• Data to use
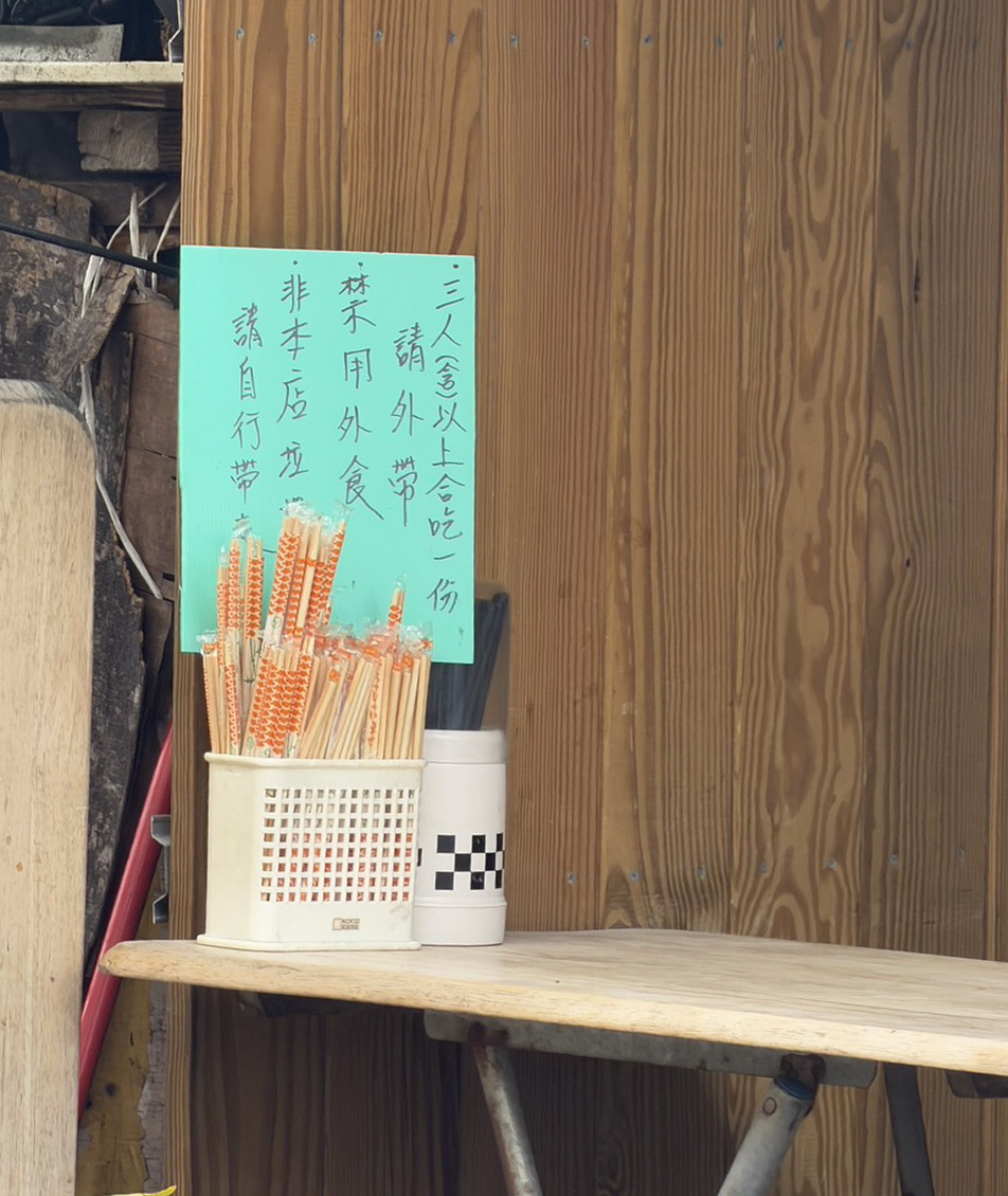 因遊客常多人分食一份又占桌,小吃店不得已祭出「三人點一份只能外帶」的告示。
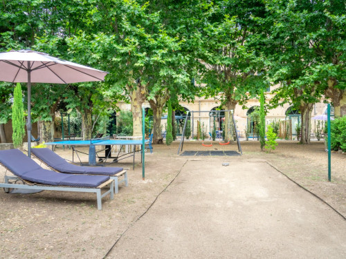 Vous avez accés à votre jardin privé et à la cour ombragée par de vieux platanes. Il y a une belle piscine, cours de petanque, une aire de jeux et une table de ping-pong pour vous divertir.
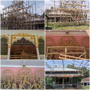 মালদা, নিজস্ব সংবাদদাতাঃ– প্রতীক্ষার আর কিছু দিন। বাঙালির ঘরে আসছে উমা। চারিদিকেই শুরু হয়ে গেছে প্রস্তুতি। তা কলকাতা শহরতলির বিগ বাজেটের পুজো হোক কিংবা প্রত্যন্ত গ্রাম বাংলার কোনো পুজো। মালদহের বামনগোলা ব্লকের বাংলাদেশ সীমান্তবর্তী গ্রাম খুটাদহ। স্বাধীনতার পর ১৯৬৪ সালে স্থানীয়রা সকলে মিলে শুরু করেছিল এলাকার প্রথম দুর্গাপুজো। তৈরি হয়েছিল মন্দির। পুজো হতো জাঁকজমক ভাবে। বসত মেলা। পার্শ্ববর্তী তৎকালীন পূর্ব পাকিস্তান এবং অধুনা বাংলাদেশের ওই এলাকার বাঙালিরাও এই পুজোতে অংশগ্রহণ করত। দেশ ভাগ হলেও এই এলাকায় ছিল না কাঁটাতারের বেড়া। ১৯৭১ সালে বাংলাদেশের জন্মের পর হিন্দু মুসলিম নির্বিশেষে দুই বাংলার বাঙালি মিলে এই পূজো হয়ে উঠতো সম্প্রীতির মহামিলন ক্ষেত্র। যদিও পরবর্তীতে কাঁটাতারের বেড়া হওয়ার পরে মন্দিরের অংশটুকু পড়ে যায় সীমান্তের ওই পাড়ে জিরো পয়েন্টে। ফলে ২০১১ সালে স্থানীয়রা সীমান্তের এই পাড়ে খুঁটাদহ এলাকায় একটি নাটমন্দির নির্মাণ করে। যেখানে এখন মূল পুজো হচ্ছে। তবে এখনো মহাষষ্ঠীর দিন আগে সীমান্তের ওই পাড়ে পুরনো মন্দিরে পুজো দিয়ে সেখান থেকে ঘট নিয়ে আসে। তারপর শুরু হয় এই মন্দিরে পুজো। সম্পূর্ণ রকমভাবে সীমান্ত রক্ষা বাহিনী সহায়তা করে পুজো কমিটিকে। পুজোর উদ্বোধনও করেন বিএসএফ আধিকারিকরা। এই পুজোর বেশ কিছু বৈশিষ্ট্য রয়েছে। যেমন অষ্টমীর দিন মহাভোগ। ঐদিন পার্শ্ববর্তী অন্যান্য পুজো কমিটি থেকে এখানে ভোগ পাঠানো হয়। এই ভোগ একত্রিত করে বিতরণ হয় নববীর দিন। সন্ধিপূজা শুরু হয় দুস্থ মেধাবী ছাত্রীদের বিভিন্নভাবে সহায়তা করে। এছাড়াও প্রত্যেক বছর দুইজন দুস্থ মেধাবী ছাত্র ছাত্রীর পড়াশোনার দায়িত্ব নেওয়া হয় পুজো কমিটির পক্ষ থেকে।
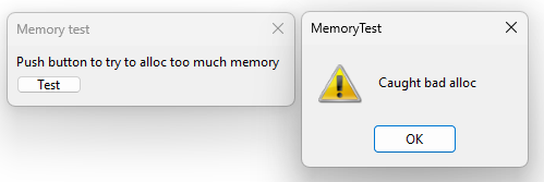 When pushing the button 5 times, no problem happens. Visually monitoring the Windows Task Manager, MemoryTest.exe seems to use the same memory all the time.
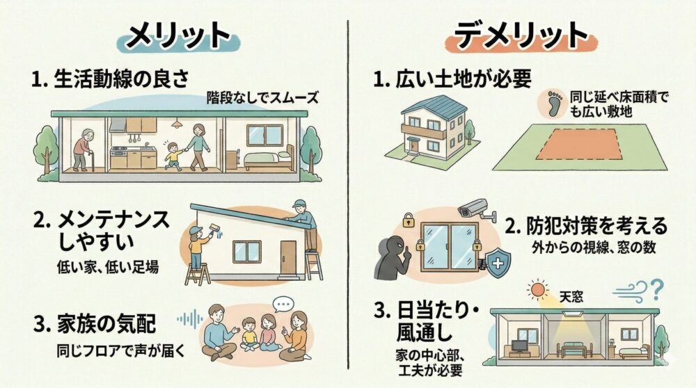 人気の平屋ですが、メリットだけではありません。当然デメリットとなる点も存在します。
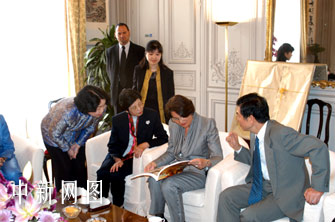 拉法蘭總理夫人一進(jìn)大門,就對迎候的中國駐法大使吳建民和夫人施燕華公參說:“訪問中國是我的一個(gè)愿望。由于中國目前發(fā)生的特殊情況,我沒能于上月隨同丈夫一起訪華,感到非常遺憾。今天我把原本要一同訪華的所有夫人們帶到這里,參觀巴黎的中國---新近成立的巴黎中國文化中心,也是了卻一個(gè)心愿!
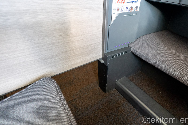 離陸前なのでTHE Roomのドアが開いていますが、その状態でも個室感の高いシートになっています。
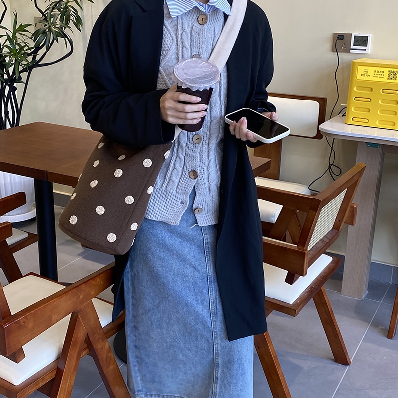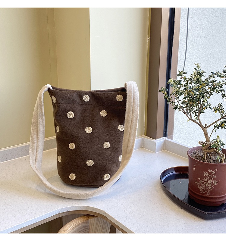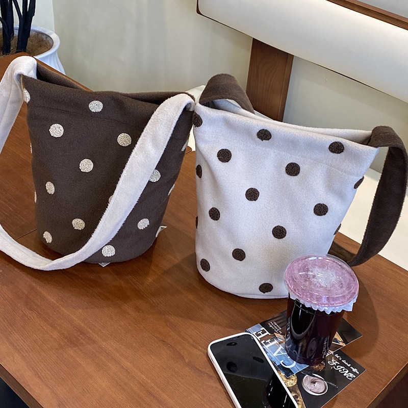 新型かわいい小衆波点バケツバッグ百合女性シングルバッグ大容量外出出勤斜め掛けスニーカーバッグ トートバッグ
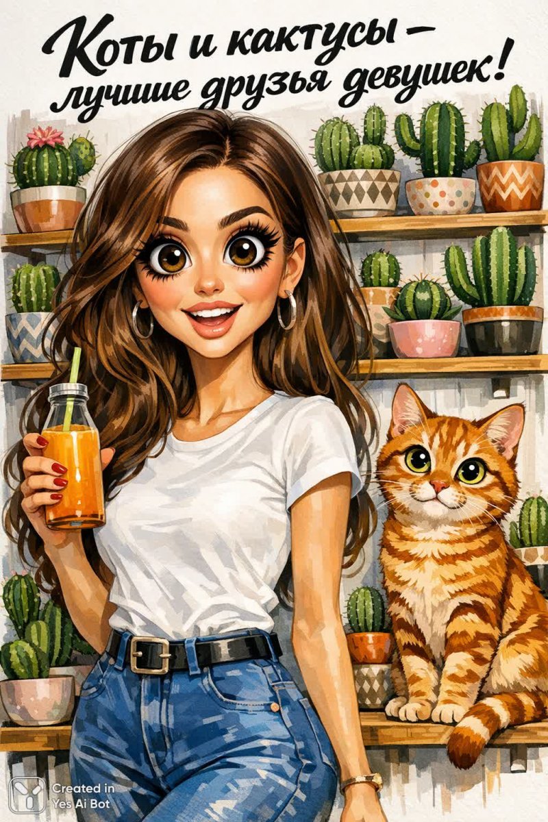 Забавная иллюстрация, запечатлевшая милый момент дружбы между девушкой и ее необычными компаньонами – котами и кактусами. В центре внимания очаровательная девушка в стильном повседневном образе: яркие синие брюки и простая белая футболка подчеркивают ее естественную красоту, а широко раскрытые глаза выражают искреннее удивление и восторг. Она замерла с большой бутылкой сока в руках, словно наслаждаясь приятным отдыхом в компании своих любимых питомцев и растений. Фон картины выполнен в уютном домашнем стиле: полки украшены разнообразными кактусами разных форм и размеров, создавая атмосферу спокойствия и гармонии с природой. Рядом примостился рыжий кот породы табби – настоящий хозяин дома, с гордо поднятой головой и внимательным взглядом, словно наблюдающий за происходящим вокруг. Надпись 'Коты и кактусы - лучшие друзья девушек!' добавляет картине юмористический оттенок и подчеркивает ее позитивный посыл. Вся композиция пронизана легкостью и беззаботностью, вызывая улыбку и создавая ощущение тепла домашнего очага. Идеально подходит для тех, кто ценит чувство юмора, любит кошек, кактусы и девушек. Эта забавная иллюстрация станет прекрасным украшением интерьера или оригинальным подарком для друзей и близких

• Assigned task
What is wanted is an exact copy of the lines above from the one containing "拉法蘭總理夫人一進(jìn)" through the one containing "新型かわいい小衆波点バケツバ", with no pictures in it.

• Exercise response
 拉法蘭總理夫人一進(jìn)大門,就對迎候的中國駐法大使吳建民和夫人施燕華公參說:“訪問中國是我的一個(gè)愿望。由于中國目前發(fā)生的特殊情況,我沒能于上月隨同丈夫一起訪華,感到非常遺憾。今天我把原本要一同訪華的所有夫人們帶到這里,參觀巴黎的中國---新近成立的巴黎中國文化中心,也是了卻一個(gè)心愿!
 離陸前なのでTHE Roomのドアが開いていますが、その状態でも個室感の高いシートになっています。
 新型かわいい小衆波点バケツバッグ百合女性シングルバッグ大容量外出出勤斜め掛けスニーカーバッグ トートバッグ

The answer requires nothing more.